The normal quantile-quantile (Q-Q) plot is a visual assessment of how well residuals match what we would expect from a normal distribution. Outliers, skew, heavy and light-tailed aspects of distributions (all violations of normality) will show up in this plot.

Q-Q plot

A quantile-quantile (Q-Q) plot is a graphical technique to determine if two data sets come from populations with a common distribution. A Q-Q plot is a plot of the quantiles of the first data set against the quantiles of the second data set.

A quantile is the value at which a given percent of points is below that value. That is, the 0.3 quantile is the value at which 30% percent of the data fall below and 70% fall above that value.

The Q-Q-plot is formed by:
Vertical axis: Estimated quantiles from data set 1
Horizontal axis: Estimated quantiles from data set 2
Both axes are in units of their respective data sets. That is, the actual quantile level is not plotted. For a given point on the Q-Q plot, we know that the quantile level is the same for both points, but not what that quantile level actually is.

Normal Q-Q plot

A Normal Q-Q plot shows the “match” of an observed distribution with the theoretical normal distribution.

The Q-Q plots display the value of observed quantiles in the standardized residual distribution on the y-axis versus the quantiles of the theoretical normal distribution on the x-axis.

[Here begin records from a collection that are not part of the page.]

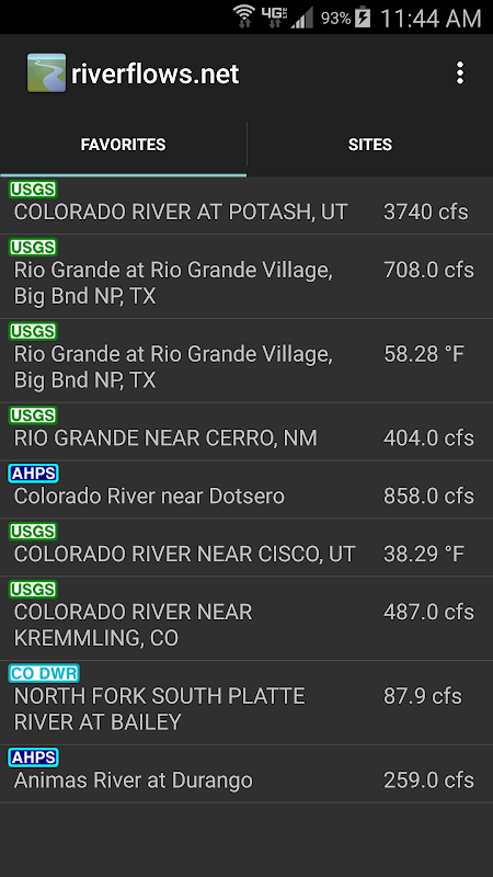 RiverFlows предлагает быстрый и простой способ просмотра данных из участков реки Gage с использованием Android устройства. Это полезно для рыбалки, катание на байдарках, рафтинг, катание на каноэ, или любого другого преследования, которое требует отслеживания на озеро и реку уровней в США
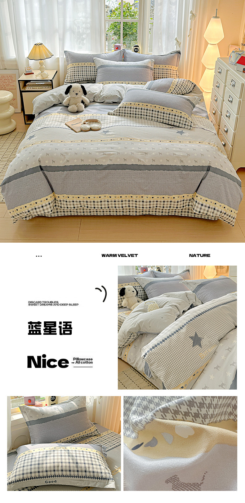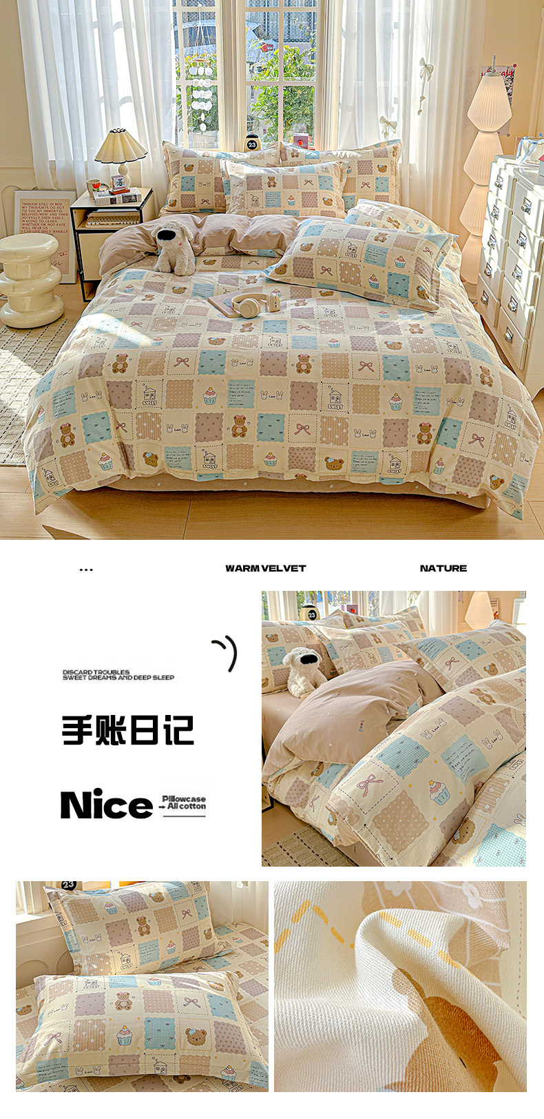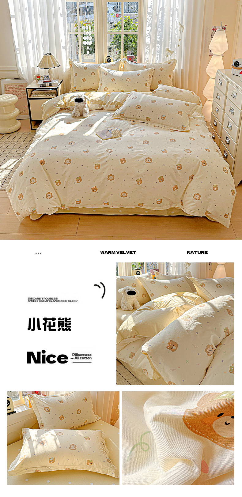 (总)依庭 2025新款高克重全棉纯棉磨毛印花四件套,乐享,奥维斯,贝丽丝,彼得兔,草莓奶昔,茶言妙语,初漫,蝶恋花,朵唯,朵韵,芳盈,飞花令,哈基米,好伙伴,好运熊-咖,好运熊-蓝,红冠象,花色伊人,吉唛,悸动,惊鸿-粉,惊鸿-桔,可爱兔,恐龙告白,酷小狗,快乐星球,蓝色恋人,绿萝,玛雅,曼迪,玫瑰花语,萌车派对,萌宠,莫利格,奶油小狗,南瓜熊,尼彩,帕比,皮皮狗,清新花园,山樱,笙白-桔,甜梦茶语,甜心花语,仙女星辰,小欢喜,星梦乐园,星晚-粉,幸福小熊,幸运熊,寻悦-桔,叶叶情深,叶之恋,叶芝,樱贝,樱絮仙踪,优漫,悠悠仙草,柚见,灼华
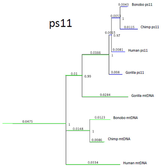 Ps5 is not the only mtDNA pseudogene that implies an interspecies hybridization event. Another pseudogene with a similar evolutionary history has been found on chromosome 11. Overall, the joint tree topology of the ps11 NUMT with mtDNA (Figure 3) is similar to that of ps5 (i.e., a long common pseudogene stem consisting of highly synonymous “mitochondrial” mutations and subsequent divergence among humans, chimpanzees, and gorillas). However, this pseudogene shows consistently higher similarity to the mtDNA of the gorilla than to that of other hominines (note a common stem segment with gorilla mtDNA in Figure 3). Note that in this case, the shape of the mtDNA sub-tree poorly reflects the evolutionary history of humans, chimpanzees, and gorillas. This is because NUMT ps11 is homologous to the rRNA section of the mitochondrial genome. This genome segment is known to poorly reflect evolutionary history, possibly because of excessive selection pressures.
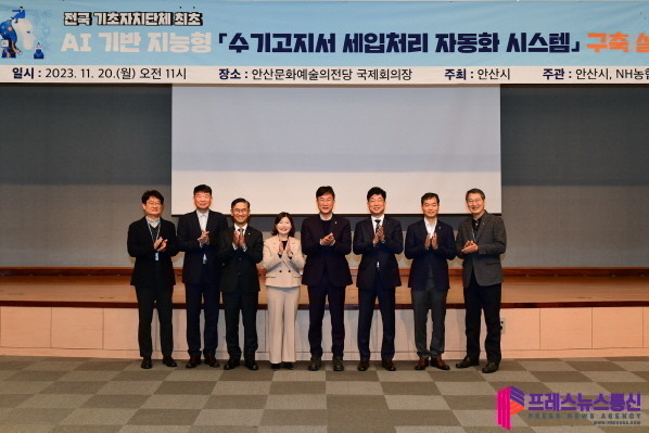 | ▲ 이민근 안산시장이 지난 20일 안산문화예술의전당 국제회의장에서 열린 AI 수기 고지서 세입 처리 자동화 시스템 구축 설명회에서 금동명 농협은행 공공금융부문 부행장 및 임직원, 관계공무원 등 참석자들과 기념촬영을 하고 있다.(사진=안산시) |
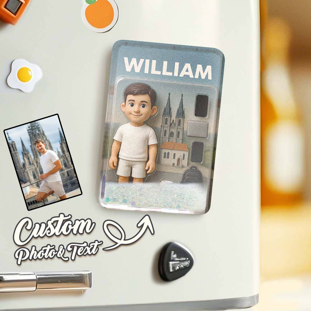 Benutzerdefinierter 3d-effekt Actionfiguren-pack Verpackung Spielzeugbox-stil Kunstgeschenk Personalisierter Quicksand-kühlschrankmagnet Geschenk Für Vater
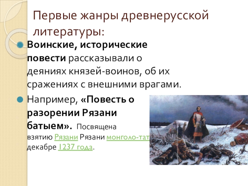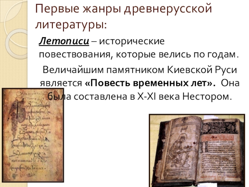 Первые жанры древнерусской литературы:
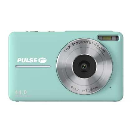 This Pulse digital camera is a lightweight, easy-to-use Digital Compact camera that is perfect for beginner users, and even kids. This camera can produce great 44MP (interpolated from 5MP) images and Full HD videos, which is ideal for starting your very first vlog. Zooming in and out to frame your shots is easy, using the W/T buttons, while 16x digital zoom is available for versatility. 20 filter effects are available for adding detail and character to your work, while the built-in LED light allows the camera to be used freely, day and night. 16X Digital Zoom Full HD Video Recording Lithium Rechargeable Battery Built-In LED Light Various Filter Effects This Pulse camera is a lightweight, easy-to-use Digital Compact camera that is perfect for beginner users, and even kids. This camera can produce great 44MP (interpolated from 5MP) images and Full HD videos, which is ideal for starting your very first vlog. Zooming in and out to frame your shots is easy, using the W/T buttons, while 16x digital zoom is available for versatility. 20 filter effects are available for adding detail and character to your work, while the built-in LED light allows the camera to be used freely, day and night. The Pulse digital camera comes with a USB cable included, which allows the camera to be used as a webcam, simply by plugging it in. A built-in microphone is included, as is the anti-shake feature, which keeps your photos and videos smooth and free from blur. It is easy to frame from various angles, using the 2.4-inch LCD screen of this compact camera, while features such as a self-timer, single and continuous shot modes allow you to be creative and focus your lens on various subjects. Includes Lithium Battery (700 mAh) Actual Image resolution: 5MP Exposure Compensation: +4/3 Video Pause Feature - Saves time on editing
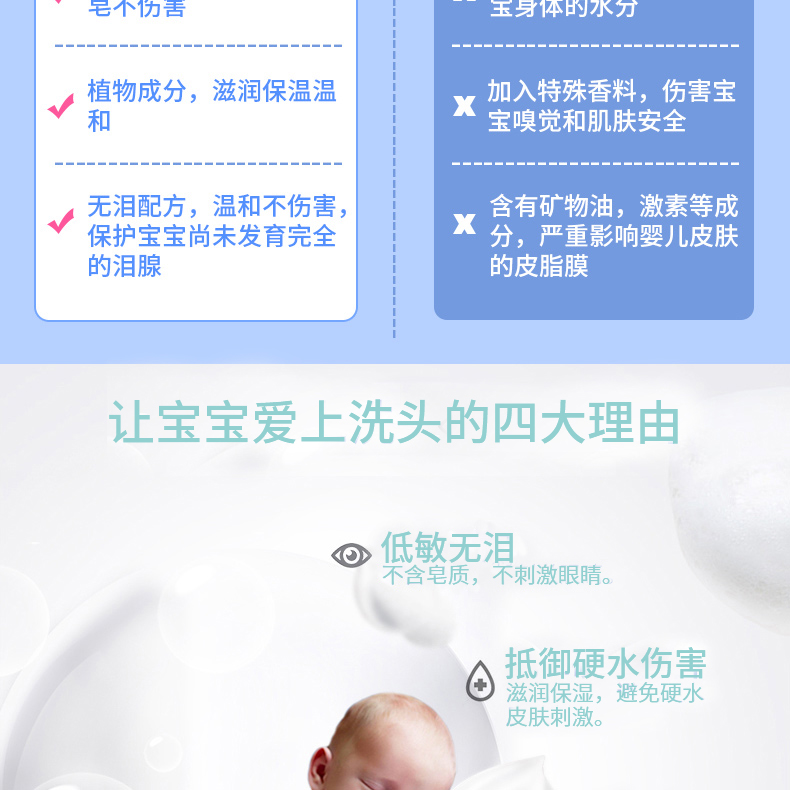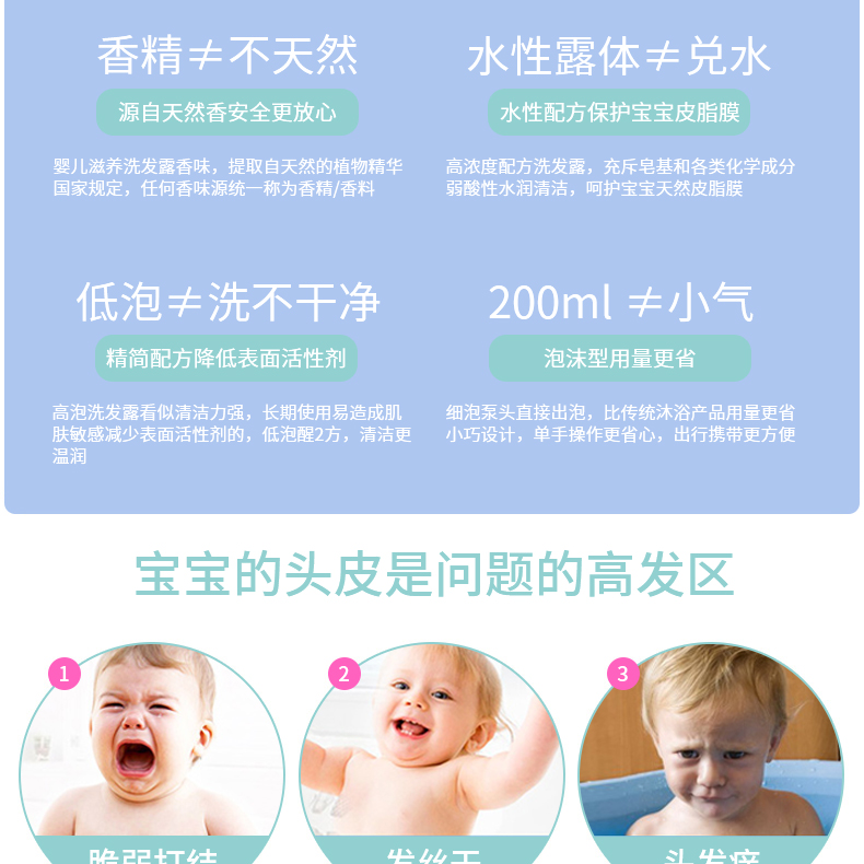 同時(shí)也能更好地清潔皮膚,含有無(wú)淚配方的嬰幼兒洗發(fā)露不僅對(duì)眼睛沒(méi)有任何刺激,還能有效保護(hù)頭
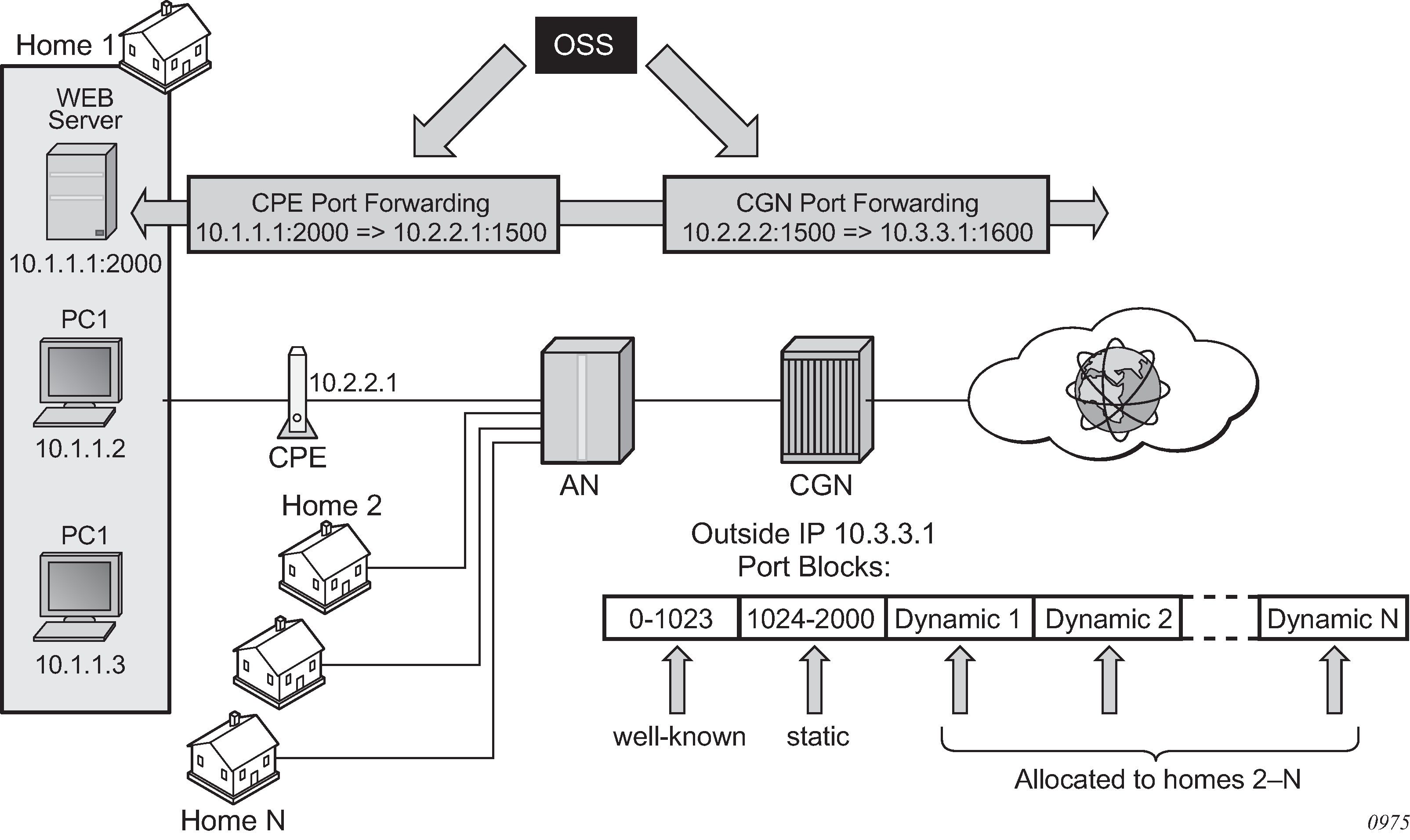 A static port forward for the WEB server in Home 1 is allocated in the CPE and the CGN. At the time of static port forward creation, no other dynamic port blocks for Home 1 exist (PCs are powered off).

If the observed distribution of the residuals matches the shape of the normal distribution, then the plotted points should follow a 1-1 relationship.

If the points follow the displayed straight line that suggests that the residuals have a similar shape to a normal distribution. Some variation is expected around the line and some patterns of deviation are worse than others for our models.

Examples

  • Normal

The blue line shows where the points would fall if the dataset were normally distributed.

The points in the Q-Q plot form a relatively straight line since the quantiles of the dataset nearly match what the quantiles of the dataset would theoretically be if the dataset was normally distributed

  • Skewed right

Skewed right, most of the data is distributed on the left side with a long tail of data extending out to the right.

The last two theoretical quantiles for this dataset should be around 3, when in fact those quantiles are greater than 8.

The point’s trend upward shows that the actual quantiles are much greater than the theoretical quantiles, meaning that there is a greater concentration of data beyond the right side of a Gaussian distribution.

  • Skewed left

Skewed left, most of the data is distributed on the right side with a long tail of data extending out to the left.

There is more data to the left of the Gaussian distribution. The points appear below the blue line because those quantiles occur at much lower values (between -9 and -4) compared to where those quantiles would be in a Gaussian distribution (between -4 and -2).

  • Fat tails

Fat tails, compared to the normal distribution there is more data located at the extremes of the distribution and less data in the center of the distribution.

In terms of quantiles this means that the first quantile is much less than the first theoretical quantile and the last quantile is greater than the last theoretical quantile.

  • Thin tails

Thin tails, there is more data concentrated in the center of the distribution and less data in the tails. These thin tails correspond to the first quantiles occurring at larger than expected values and the last quantiles occurring at less than expected values.